Granted, I'm no longer a 19 year old young man with more ideas about life than experience. Granted I have a better understanding about the causes and effects of this particular mental illness. It still a struggle, though, trying to work my way through emotions brought on by the brain chemistry and those brought on by situation.

Twenty years, or more, have gone by since I first began to ask those questions. Intellectually I know I am closer to being whole than I feel a large part of the time. I have learned to trust that the sadness I feel is not real, if only to keep it from taking me further down. Still, the struggle remains.

Depression is hard to explain to those who don't know, don't understand. Picking yourself up by your bootstraps can take you far while dealing with a depressive cycle. Sometimes, however, the straps break. Sometimes the cognitive practices you learn to get you through the cycle don't do the job. Sometimes you are simply at the mercy of overwhelming emotions.

I have nearly always experienced depression as an intense and singular sadness. Others describe angst, low energy, anger. For me, I always feel like I've just spent the last hour having a good cry...except that I haven't. And realizing now that my 19 year old self had already identified that actually gives me some hope.

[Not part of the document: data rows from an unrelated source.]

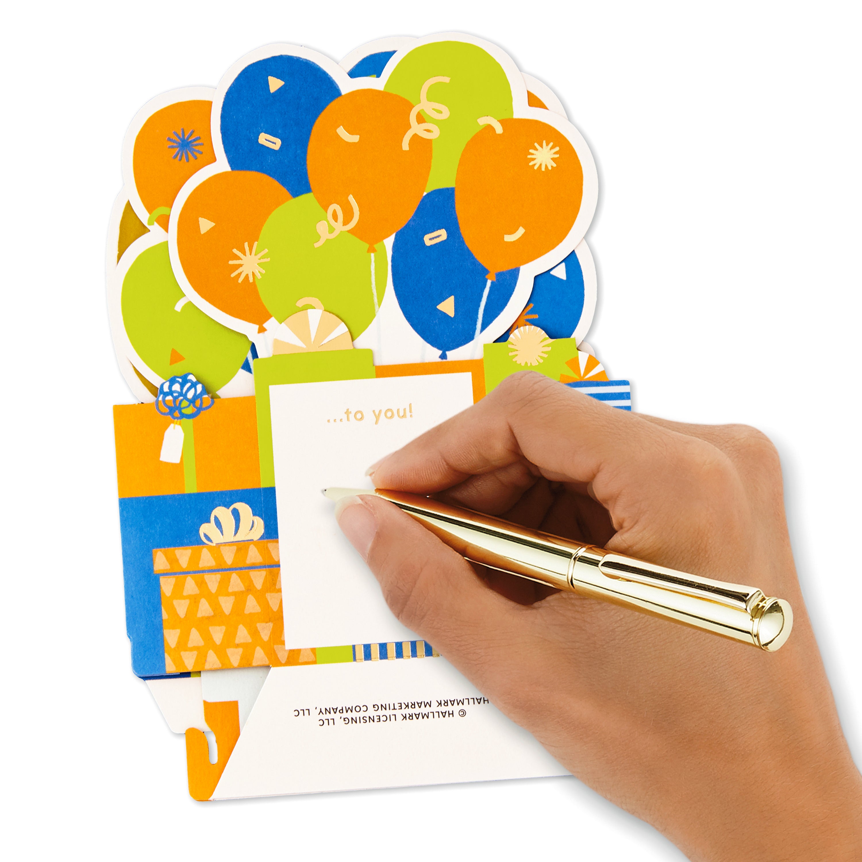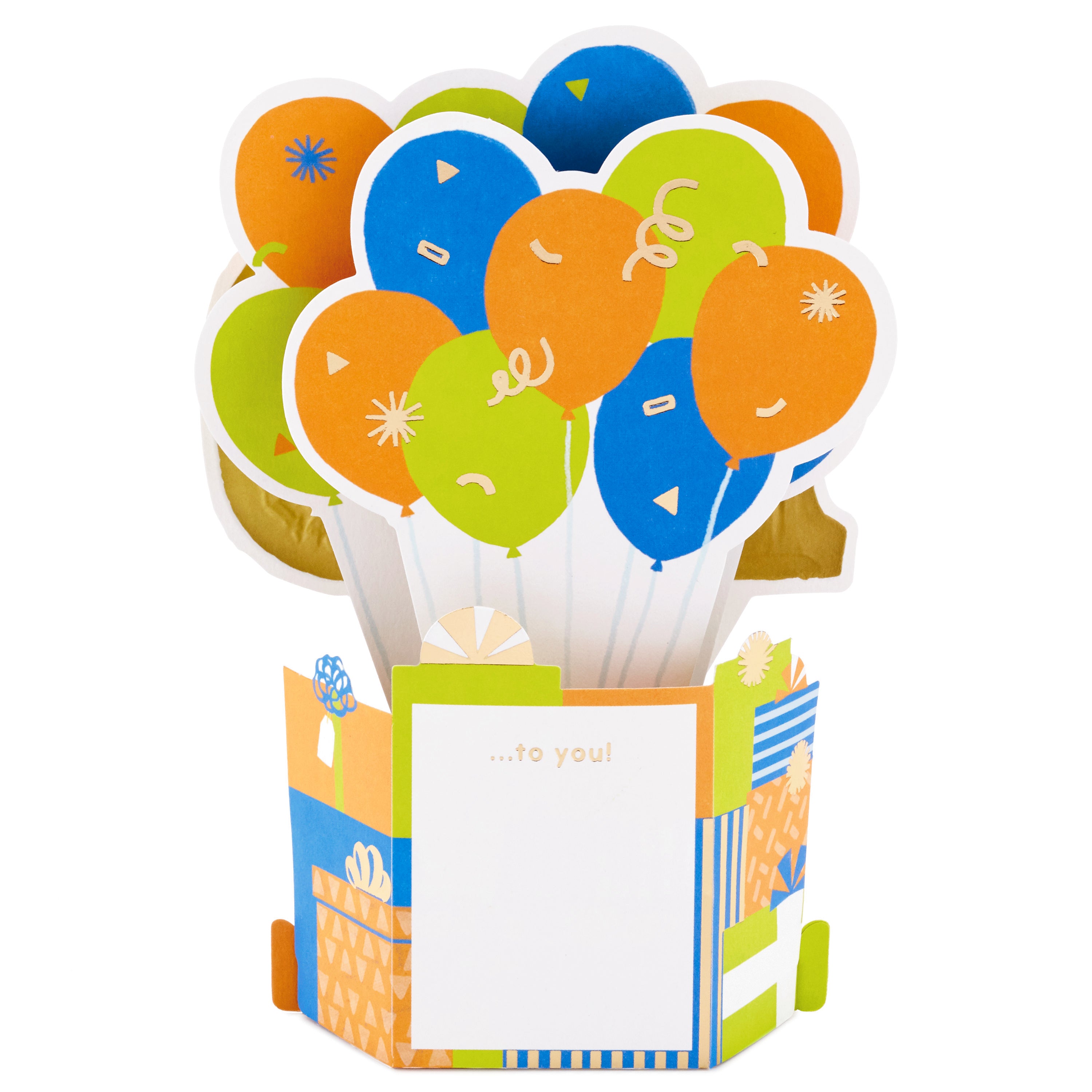 Printed on high quality board, with a simple, squeeze-to-pop-up mechanism, this brilliant card features a bold die-cut, 3D pop-up, orange, blue and green balloons design, with gold-foil 100 feature and lettering, and comes complete with a Hallmark branded, yellow envelope.
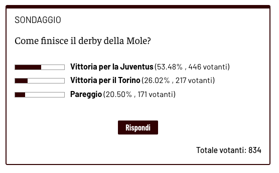 La maggior parte dei votanti, ovvero il 53,48%, crede nella vittoria dei bianconeri. Il 26,02 % pensa che il Torino riuscirà a fare risultato all'Allianz Stadium. Il restante, il 20.50, pensa che il derby della Mole si chiuderà con un punto a testa.
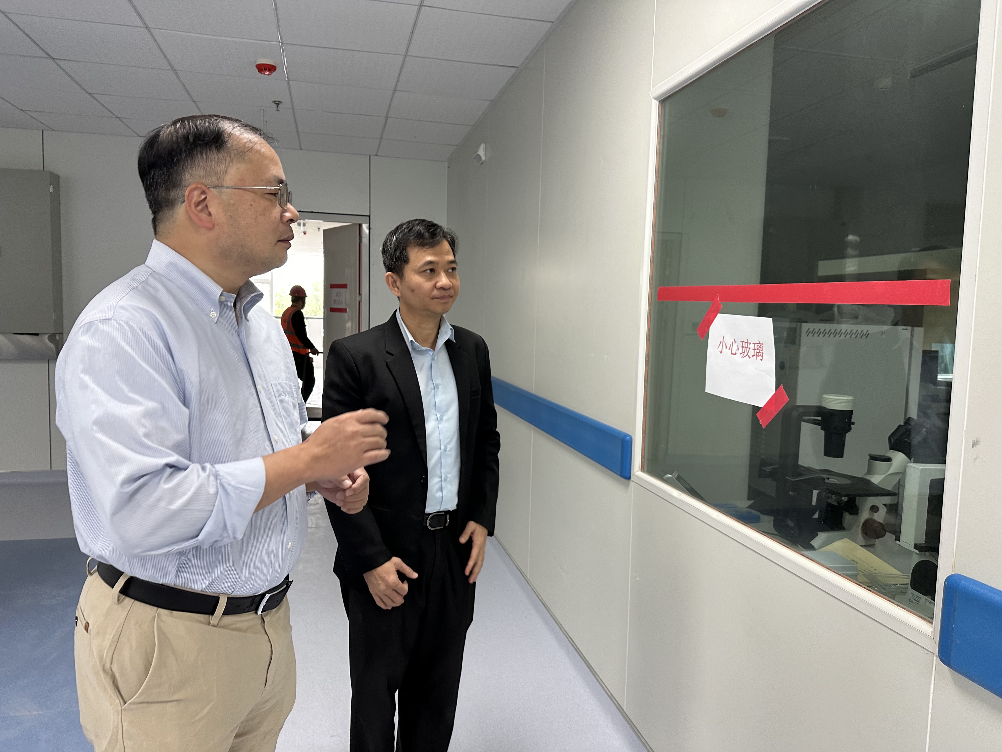 Rothmony EANG首先参观了我院正在改造建设中的云南省天然药物药理重点实验室,郎靖瑜向其详细介绍了改造项目的目标和建设进展情况,指出重点实验室改造是学校为了对接“健康中国”战略和“双一流”建设目标而投入的重大基础设施建设项目,以“交叉融合、开放共享”为核心,重点布局人工智能辅助药物设计和分子靶点筛选平台、现代化药理药效评价平台、云南特色真菌和药用植物化合物研究平台。同时,规划了药学大型仪器共享平台、细胞培养室及标准化P2+实验室,旨在打造贯穿药物研发全链条的创新研发体系。Rothmony EANG对改造工程表示高度赞赏并表示:“如此大力度的投入,充分体现了昆明医科大学对药学学科发展的高度重视与远见卓识。这座现代化的科研大楼,不仅是一个物理空间,更是一个孕育重大创新成果的摇篮,必将极大地提升药学院的原始创新能力和竞争力。”

It's easy to feel, when I'm depressed, that nothing happened before the cycle and I can't imagine a future after the cycle is played out. Knowing that a young man was already figuring these things out 20 years ago actually gives me some encouragement to stay in the fight.

As for my friend, I'm sure we made up after that incident. We did have a spectacular fall out in college, though I seem to be the only one that remembers it. And, having taken pains to make amends, am enjoying a renewed friendship with her.

I just wonder what her answer would be, now, to the question I wanted to pose 20 years ago.